Signal Layer

Stream events arrive as a torrent — gmail, slack, gcal, omi, vexa, sure, plane, openclaw chats, vault edits. Most of them mean nothing on their own. The signal layer is where Alfred decides which of them mean something to Sir, and what should happen because of them.

What a signal is

A signal is the durable, normalised distillation of a single raw input. Where a stream event is a verbatim record (“an email arrived”, “Sir said this on the OMI”), a signal is the conclusion drawn from it: this is about that task, here is the effect, here is how confident I am. Each signal lives at vault/signal/<ts>-<hash>.md. Its frontmatter carries three load-bearing fields:

Field	Meaning
`target_kind` / `target_path`	The matter or task this signal concerns. Resolved by string-similarity ranking against the live vault. `None` when no existing record matches.
`effect`	What should happen. One of `mutation` (state change to an existing record), `action` (work needs doing — reply, send, schedule), `none` (informational or noise).
`effect_confidence` / `target_confidence`	Two independent confidences. The router uses each on a separate threshold so a clear effect against an ambiguous target still drains, but doesn’t fire blindly.

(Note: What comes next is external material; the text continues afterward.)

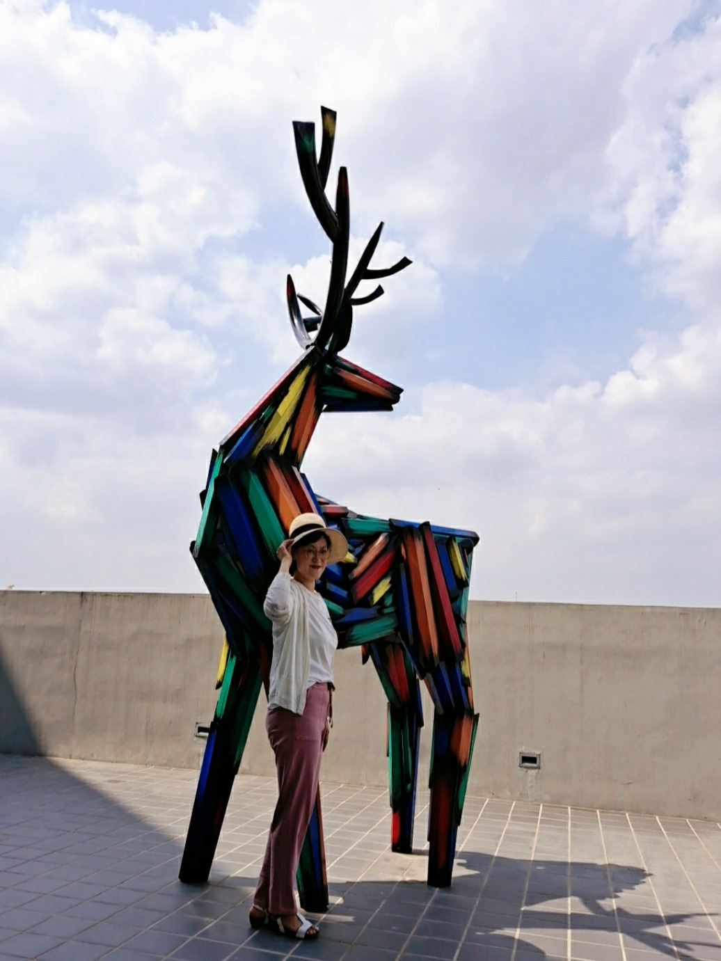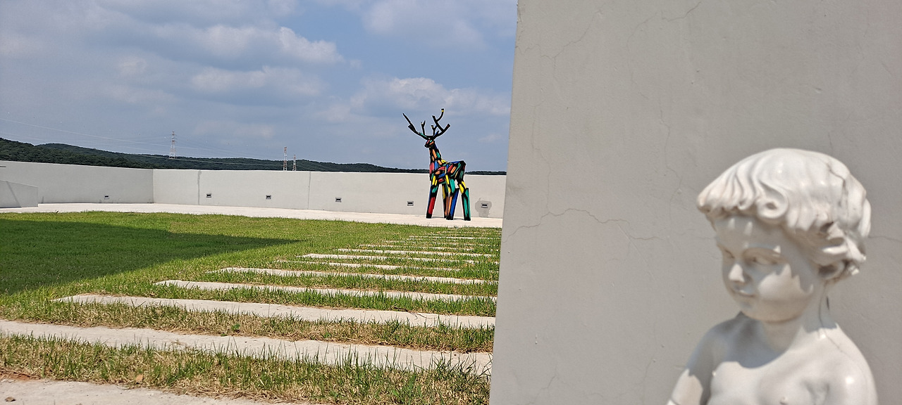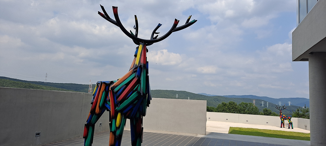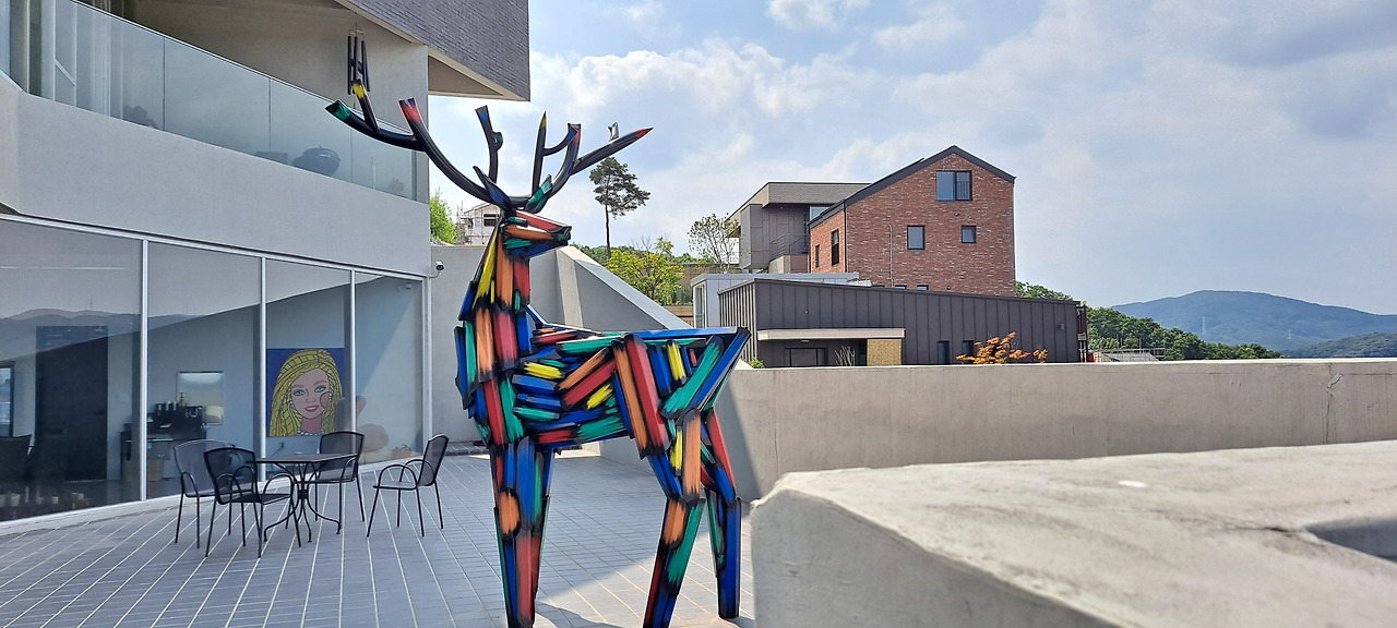 갤러리 2층 카페에 설치된 김우진 작가 작품 deer 세 점.

The signal record also keeps a 200-character raw_quote of the originating event (packages/learn/src/activities/signals.py:209). That quote survives even after the underlying stream_event/ record is purged seven days later, so any future re-evaluation has ground truth to look at. The signal is the durable bridge between observation and action. The stream event is what came in. The signal is what Alfred decided it was. Everything downstream — mutation router, action router, audit, calibration — reads only the signal.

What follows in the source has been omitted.